In a sense, Rantanen is the epitome of Finnish hockey—with a massive dollop of size, skill, and speed to boot. He’s hardworking, focused, and always able to summon a little bit more in the tank, whether he’s playing 19 minutes or 25. And when you take a player like that and plop him on a team with four other high-performaning and highly motivated Finnish players, it’s no surprise that the Stars have weathered their early playoff storm to get this far.
“This is the golden age of Finnish hockey, if you look at the last decade,” Pete DeBoer said on Tuesday. “They have those winning habits, and that’s what makes them easy to coach, easy to play.”

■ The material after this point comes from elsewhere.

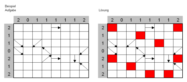 Jeder Pfeil zeigt dabei auf mindestens eins der gesuchten Objekte. Gleichfalls wird jedes U-Boot

That trust in his players is something a veteran coach like Pete DeBoer loves to praise. He has talked at length about how Wyatt Johnston or Thomas Harley are such easy players to deploy, because they bring such a consistent level of excellence and responsibility. And Rantanen prides himself on that consistency in not just the team’s play, but also their mental approach to games as well, as the Stars have followed three 4-0 losses in the playoffs with impressive victories in route to the final four.
“There’s an experience, there’s that even-keeled mindset, like I’ve talked about,” Rantanen said. “After a win, it felt like we never got too high on the celebration of a win. If we lose, we reset really quickly. I think that’s the most important thing, and when you have a lot of experience, that kind of comes automatically in the playoffs.”
That sort of trust extends beyond the dressing room, too.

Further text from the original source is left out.